--- EXERCISE ---
Restate exactly, and only, the lines from the one with "#ダブルクロスリブトップ#レ" through the end of the data, with both of those end lines kept. Drop any pictures.

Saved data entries

• • •

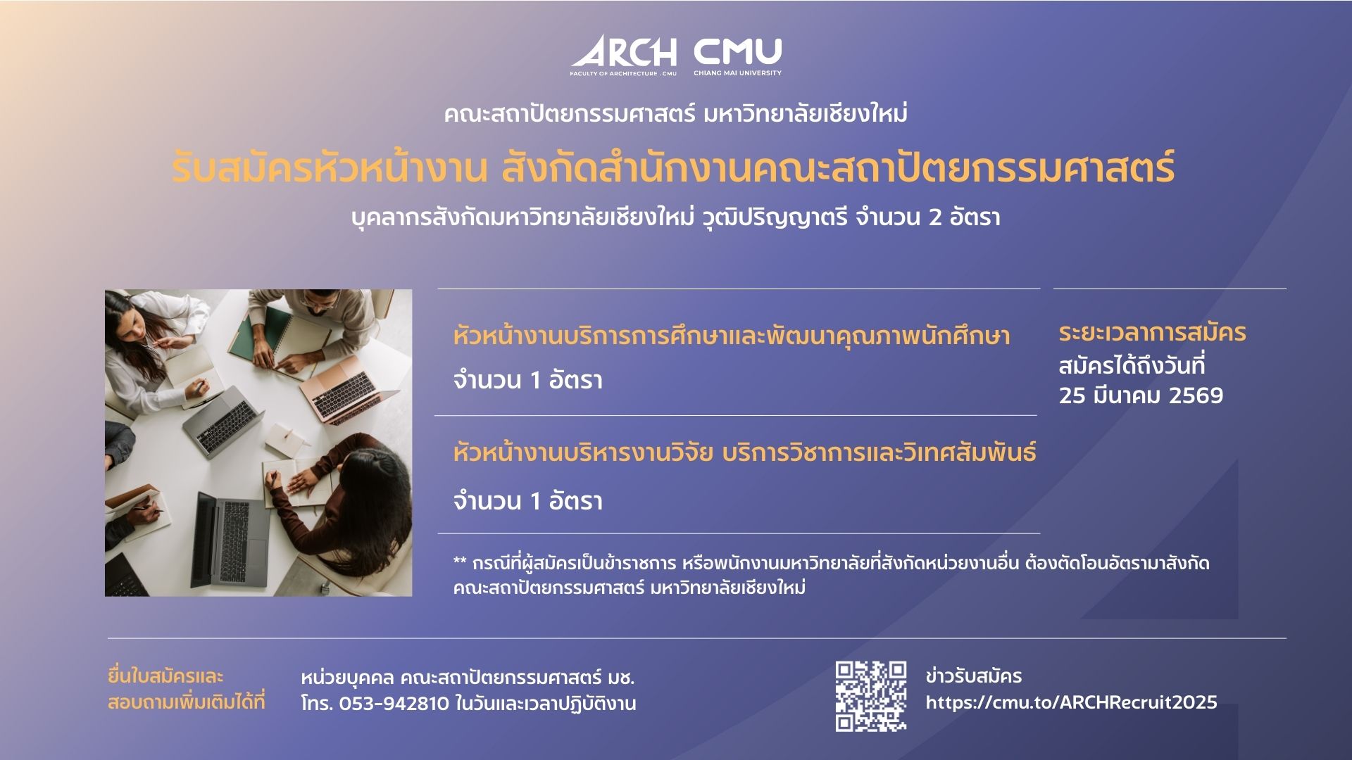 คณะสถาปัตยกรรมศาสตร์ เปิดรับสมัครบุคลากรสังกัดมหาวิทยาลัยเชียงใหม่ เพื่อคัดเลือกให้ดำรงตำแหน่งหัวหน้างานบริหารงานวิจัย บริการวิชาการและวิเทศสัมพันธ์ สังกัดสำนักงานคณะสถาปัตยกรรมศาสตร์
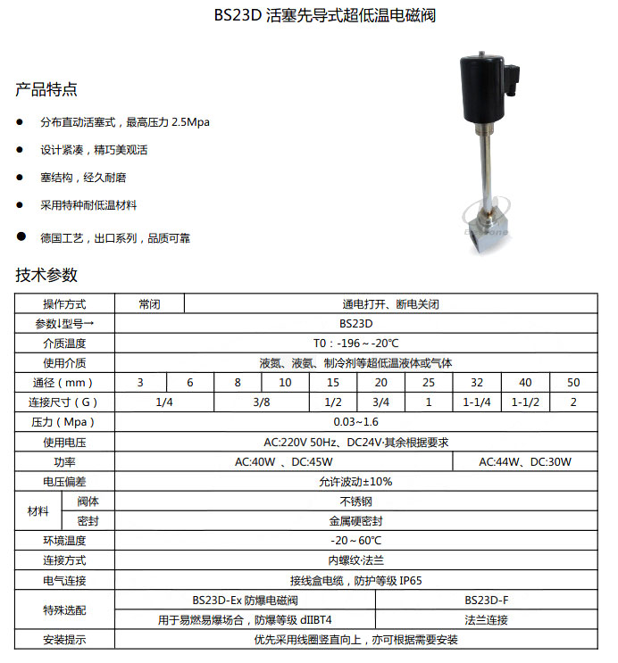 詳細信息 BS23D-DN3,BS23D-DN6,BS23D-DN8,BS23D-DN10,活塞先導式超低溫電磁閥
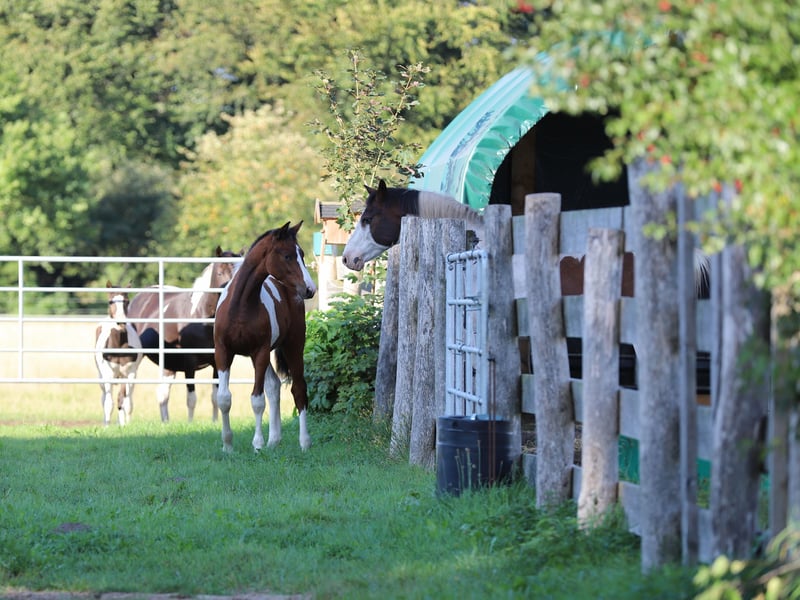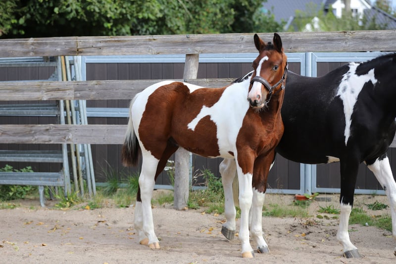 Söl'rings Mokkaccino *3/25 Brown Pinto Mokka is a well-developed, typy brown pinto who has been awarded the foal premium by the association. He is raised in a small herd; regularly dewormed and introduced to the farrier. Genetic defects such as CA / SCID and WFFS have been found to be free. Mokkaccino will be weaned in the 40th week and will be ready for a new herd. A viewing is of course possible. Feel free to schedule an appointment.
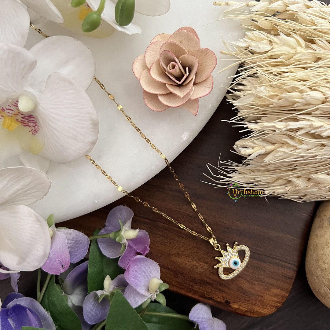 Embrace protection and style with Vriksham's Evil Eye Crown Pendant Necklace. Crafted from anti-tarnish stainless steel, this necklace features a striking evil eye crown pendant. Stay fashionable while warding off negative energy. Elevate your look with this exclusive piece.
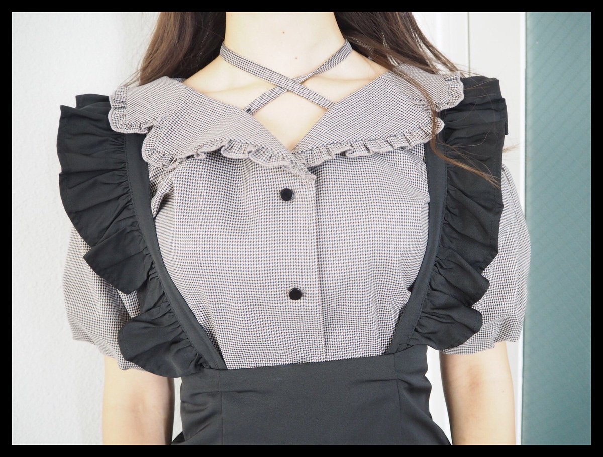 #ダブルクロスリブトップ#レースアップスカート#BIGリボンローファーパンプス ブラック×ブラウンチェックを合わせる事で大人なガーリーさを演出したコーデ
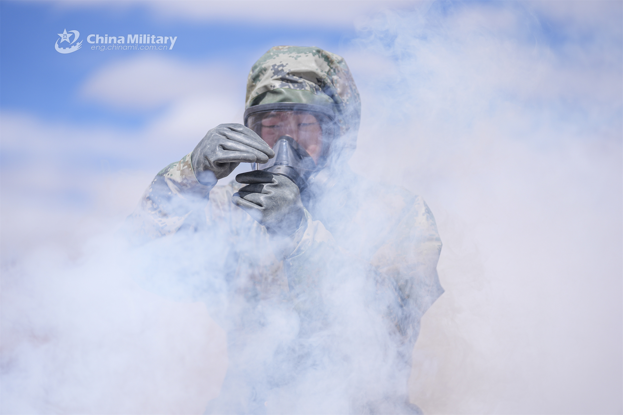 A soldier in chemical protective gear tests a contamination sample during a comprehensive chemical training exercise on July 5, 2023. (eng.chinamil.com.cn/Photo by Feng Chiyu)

• • •

--- RESULT OF THE TASK ---
 #ダブルクロスリブトップ#レースアップスカート#BIGリボンローファーパンプス ブラック×ブラウンチェックを合わせる事で大人なガーリーさを演出したコーデ
 A soldier in chemical protective gear tests a contamination sample during a comprehensive chemical training exercise on July 5, 2023. (eng.chinamil.com.cn/Photo by Feng Chiyu)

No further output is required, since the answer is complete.